Untuk penglihatan nya, hanya ada tiga ruangan tamu terhormat termasuk milik nya.


"Dasar tidak tahu malu ! Itu adalah tungku ilahi milik Grandmaster Alkemis Tian dan kau berniat untuk mendapat kan nya dengan harga segitu ?" Tanya salah satu peserta lelang dengan ejekan.


"10.500 !" Sebelum penawar pertama bisa membalas ejekan itu, suara lain terdengar dari dalam ruangan tamu terhormat yang berada di sebelah nya.


"10.700 !" Kata suara manis yang berada di sudut ruangan tamu terhormat.


"11.000 !" Kata ruangan yang tengah.


"11.200 !" Kata yang berada di paling kanan.


Dia hanya diam dan mendengar perdebatan mereka dan bersiap untuk hasil akhir.


"11.500 !" Kata yang tengah tidak mau kalah.


"11.700 ! Tuan yang terhormat, mengalah lah pada gadis kecil seperti ku. Aku berasal dari Sekte Tianwen dan baru menjadi murid di sana, aku membutuh kan barang ini. " Kata suara manis yang berasal dari ruangan paling kanan.


"Aku baru tahu kalau sekte Tianwen membutuh kan tungku untuk murid baru nya ?" Tanya suara serak dari ruangan tengah dengan tenang.


Suara ini berbeda dengan suara yang tadi menawar, suara kali ini tampak lebih berwibawa dan menenangkan.


Dia mengerutkan dahi kala mendengar suara yang tidak asing dari ruangan di sebelah nya.


"Yuanzheng Yuwen. " Gumam nya dengan pelan.


"Ada apa ? Kenapa kau menggumamkan nama Adipati Yuanzheng ?" Tanya Qin Yue yang tidak tahu apa apa dengan bingung.


"Yang berada di sebelah kita ini adalah Yuanzheng Yuwen. " Ucap nya dengan suara pelan takut kedengaran.


Suara manis yang berada di paling kanan tidak mengeluarkan sepatah kata lagi dan merasa marah.

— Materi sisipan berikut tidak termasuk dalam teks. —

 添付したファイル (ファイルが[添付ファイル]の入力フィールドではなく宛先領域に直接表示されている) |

"12.000 !" Ucap nya buka suara.


Dia tidak mendengar suara tawaran dari ruangan Yuanzheng Yuwen lagi, tampak nya pemuda itu tidak benar benar menginginkan benda ini.


Karena jika pemuda itu benar benar menginginkan nya maka dia sendiri pun akan sulit untuk mendapat kan nya.

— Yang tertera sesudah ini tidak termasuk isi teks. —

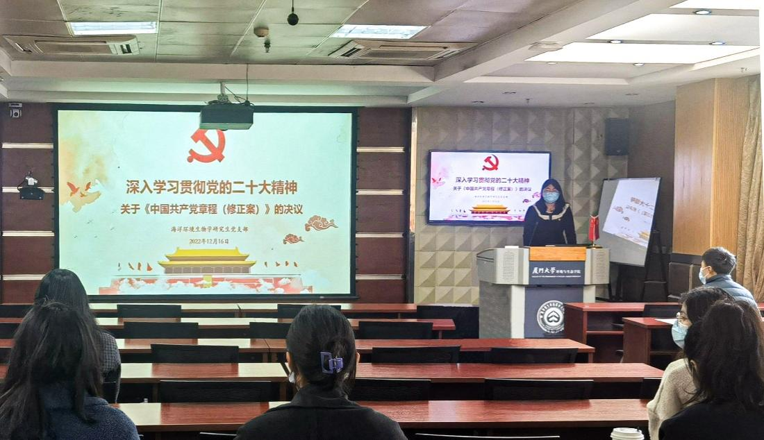 12月16日中午,海洋环境生物学研究生党支部在金泉楼A239报告厅开展《中国共产党章程》的专题学习。本次学习活动由支部书记张伟平主持、支部全体党员、积极分子参加。
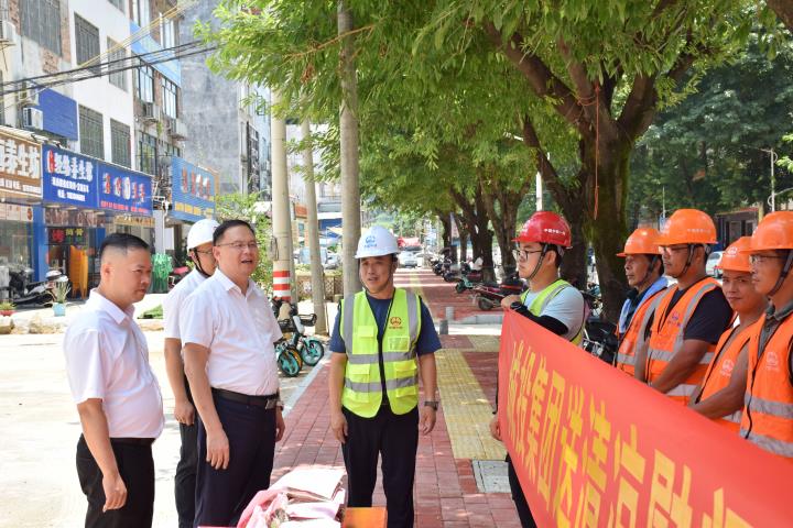 連日來,賀州市頻繁發(fā)布高溫預(yù)警,熱浪襲人。7月27日,為傳達城投集團黨委的關(guān)心關(guān)愛,集團黨委書記、董事長黃俊到賀州市城市品質(zhì)提升改造項目(城區(qū)道路白改黑)開展送清涼慰問活動,為高溫下堅守一線的勞動者送上西瓜、涼茶等防暑降溫慰問品。

"Oh ada orang lain lagi yang berniat untuk menawar ? Kalian lebih baik menyerah saja. Lihat lah, ruangan tengah tampak sangat melawan tapi ternyata tidak melanjut kan tawaran, pengecut. 13.000 koin emas !" Kata suara manis yang berada di paling kanan.


Dia tertawa ringan mendengar kata kata itu.


"Kalau boleh tahu, nona ini berasal dari Sekte Tianwen. Boleh ku tahu nama mu ?" Tanya nya.


"Kau berniat untuk menjilat ku ? Nama ku adalah Ling Kuan ! Seorang murid nomor 10 teratas di murid luar !" Kata suara manis itu dengan kesombongan yang menutupi langit.


"Aku juga berada di sekte Tianwen tapi tidak pernah mendengar nama mu, apa kah kau sedang membual ? 14.000 koin emas !" Ejek nya.


Seorang murid luar belaka berniat untuk menjadi badut di depan nya, bagai mana mungkin dia bisa menolak niat baik tersebut.


Dia akan menerima nya dengan tangan terbuka bahkan menambah kan beberapa hiasan di atas nya.